■ Items from a dataset ■
::::

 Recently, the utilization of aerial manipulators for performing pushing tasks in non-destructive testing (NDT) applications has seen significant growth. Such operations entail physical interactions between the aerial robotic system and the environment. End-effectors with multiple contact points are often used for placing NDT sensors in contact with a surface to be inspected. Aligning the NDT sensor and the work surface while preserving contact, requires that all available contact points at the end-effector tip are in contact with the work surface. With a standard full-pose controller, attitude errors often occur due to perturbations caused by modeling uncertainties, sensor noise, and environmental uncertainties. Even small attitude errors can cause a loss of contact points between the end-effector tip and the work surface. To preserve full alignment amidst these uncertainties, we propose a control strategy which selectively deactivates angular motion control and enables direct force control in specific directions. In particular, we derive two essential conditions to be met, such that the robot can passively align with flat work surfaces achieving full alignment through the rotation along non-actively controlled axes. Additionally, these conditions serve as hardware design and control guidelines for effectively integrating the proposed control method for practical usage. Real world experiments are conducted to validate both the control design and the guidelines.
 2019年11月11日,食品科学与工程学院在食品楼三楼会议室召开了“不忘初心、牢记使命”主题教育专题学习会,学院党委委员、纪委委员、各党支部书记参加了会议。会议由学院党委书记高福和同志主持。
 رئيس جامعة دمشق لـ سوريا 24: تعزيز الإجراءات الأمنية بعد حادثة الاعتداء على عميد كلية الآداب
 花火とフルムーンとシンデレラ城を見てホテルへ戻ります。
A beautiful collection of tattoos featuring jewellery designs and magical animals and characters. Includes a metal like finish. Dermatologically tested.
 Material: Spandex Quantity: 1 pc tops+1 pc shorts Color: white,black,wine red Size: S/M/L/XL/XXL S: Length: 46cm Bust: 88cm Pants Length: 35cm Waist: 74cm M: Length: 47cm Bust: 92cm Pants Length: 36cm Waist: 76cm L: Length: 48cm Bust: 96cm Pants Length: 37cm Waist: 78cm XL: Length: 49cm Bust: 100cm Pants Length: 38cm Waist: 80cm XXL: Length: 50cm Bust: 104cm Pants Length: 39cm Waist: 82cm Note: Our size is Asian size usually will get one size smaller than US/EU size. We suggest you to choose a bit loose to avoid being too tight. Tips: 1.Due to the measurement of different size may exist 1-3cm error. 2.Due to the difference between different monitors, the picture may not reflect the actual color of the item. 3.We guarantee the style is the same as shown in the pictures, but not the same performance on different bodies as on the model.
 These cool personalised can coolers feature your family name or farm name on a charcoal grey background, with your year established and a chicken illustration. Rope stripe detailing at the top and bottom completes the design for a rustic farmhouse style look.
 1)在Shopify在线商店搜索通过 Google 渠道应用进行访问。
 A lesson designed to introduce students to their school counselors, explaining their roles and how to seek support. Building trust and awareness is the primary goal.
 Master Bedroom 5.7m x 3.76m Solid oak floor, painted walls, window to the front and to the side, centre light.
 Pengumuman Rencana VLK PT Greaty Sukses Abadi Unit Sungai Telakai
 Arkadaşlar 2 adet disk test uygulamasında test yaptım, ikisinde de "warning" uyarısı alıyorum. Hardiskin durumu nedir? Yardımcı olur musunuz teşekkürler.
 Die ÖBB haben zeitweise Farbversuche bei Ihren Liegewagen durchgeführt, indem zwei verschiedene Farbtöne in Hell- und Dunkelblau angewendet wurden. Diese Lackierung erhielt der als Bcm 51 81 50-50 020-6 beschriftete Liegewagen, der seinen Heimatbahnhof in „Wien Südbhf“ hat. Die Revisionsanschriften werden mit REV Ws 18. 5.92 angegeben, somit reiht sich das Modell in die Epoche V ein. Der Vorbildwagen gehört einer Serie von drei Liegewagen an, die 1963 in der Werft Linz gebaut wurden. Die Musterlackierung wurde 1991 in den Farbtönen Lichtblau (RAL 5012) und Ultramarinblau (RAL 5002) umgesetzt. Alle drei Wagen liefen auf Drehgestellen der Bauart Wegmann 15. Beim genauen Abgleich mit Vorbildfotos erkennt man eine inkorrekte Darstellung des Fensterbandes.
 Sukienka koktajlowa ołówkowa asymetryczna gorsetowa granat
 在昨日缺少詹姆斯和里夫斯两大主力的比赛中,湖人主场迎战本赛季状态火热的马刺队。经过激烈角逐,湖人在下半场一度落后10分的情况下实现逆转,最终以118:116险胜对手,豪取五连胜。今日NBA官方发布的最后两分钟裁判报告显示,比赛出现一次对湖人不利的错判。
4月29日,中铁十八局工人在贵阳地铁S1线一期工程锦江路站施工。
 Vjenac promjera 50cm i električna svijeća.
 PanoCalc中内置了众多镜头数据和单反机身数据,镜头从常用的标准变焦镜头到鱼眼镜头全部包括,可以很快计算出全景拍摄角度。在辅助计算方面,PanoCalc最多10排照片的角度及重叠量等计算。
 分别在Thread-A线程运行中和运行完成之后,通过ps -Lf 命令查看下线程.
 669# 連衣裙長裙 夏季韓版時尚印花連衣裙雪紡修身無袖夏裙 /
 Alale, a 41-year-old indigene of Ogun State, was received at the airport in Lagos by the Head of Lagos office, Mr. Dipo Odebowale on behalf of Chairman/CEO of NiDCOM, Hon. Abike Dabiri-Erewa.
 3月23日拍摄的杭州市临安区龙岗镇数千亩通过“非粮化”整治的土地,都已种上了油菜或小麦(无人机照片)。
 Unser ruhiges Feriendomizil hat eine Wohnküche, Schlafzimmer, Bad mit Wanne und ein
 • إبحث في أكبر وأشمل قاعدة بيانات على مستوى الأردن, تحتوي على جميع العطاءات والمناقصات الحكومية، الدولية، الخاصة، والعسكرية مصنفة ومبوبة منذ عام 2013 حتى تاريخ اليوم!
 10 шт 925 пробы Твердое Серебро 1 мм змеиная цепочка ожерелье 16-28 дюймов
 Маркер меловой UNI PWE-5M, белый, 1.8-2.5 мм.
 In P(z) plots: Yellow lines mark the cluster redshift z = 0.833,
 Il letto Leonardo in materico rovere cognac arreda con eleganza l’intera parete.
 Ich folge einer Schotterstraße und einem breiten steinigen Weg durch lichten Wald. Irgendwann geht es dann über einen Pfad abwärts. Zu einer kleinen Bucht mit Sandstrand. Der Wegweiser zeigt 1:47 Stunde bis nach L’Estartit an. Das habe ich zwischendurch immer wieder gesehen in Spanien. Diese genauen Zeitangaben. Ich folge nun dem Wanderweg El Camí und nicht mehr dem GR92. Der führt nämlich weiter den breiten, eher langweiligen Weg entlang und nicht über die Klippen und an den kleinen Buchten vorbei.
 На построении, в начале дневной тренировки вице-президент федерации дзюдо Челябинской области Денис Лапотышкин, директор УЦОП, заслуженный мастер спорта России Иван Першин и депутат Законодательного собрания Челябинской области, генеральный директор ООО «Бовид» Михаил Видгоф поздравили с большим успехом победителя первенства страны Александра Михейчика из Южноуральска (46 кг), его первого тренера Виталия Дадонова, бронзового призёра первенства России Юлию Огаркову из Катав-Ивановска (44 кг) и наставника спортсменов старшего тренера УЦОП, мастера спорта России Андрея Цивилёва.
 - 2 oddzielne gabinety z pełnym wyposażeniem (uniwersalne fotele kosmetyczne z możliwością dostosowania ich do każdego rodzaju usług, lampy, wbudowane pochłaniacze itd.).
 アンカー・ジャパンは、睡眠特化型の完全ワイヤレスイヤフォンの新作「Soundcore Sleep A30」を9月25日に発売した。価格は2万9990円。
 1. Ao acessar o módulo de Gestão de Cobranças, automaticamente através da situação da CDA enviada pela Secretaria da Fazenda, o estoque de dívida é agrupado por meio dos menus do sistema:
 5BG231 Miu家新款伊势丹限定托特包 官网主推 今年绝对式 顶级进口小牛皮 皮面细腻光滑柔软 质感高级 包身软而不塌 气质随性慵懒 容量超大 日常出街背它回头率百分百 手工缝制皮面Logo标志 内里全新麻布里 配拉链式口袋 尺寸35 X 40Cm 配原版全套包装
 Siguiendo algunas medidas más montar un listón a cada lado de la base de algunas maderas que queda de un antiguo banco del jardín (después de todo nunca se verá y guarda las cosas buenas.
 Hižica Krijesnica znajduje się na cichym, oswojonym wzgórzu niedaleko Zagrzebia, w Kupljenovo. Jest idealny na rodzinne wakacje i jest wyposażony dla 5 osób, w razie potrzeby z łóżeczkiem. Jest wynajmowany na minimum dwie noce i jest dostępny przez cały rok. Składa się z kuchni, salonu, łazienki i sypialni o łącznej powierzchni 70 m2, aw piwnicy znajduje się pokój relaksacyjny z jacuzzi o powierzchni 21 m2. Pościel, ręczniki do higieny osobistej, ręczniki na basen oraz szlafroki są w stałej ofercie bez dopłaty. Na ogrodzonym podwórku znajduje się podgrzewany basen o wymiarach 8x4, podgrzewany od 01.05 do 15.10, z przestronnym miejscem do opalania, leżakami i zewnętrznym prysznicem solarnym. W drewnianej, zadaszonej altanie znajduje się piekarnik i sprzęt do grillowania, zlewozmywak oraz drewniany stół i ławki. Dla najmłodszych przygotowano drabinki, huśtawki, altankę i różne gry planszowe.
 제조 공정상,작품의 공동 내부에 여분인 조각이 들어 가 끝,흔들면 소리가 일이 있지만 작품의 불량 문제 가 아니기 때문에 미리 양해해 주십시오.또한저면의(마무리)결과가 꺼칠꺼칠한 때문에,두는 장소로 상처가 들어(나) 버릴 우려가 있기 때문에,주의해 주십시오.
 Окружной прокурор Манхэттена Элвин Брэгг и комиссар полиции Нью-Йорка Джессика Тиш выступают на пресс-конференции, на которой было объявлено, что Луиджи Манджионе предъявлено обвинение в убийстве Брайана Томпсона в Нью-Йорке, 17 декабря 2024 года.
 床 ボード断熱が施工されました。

::::

Write out exactly the lines above between the line with "رئيس جامعة دمشق" and the line with "A beautiful collection", inclusive, and nothing beyond them.

■ Solution to the problem ■
 رئيس جامعة دمشق لـ سوريا 24: تعزيز الإجراءات الأمنية بعد حادثة الاعتداء على عميد كلية الآداب
 花火とフルムーンとシンデレラ城を見てホテルへ戻ります。
A beautiful collection of tattoos featuring jewellery designs and magical animals and characters. Includes a metal like finish. Dermatologically tested.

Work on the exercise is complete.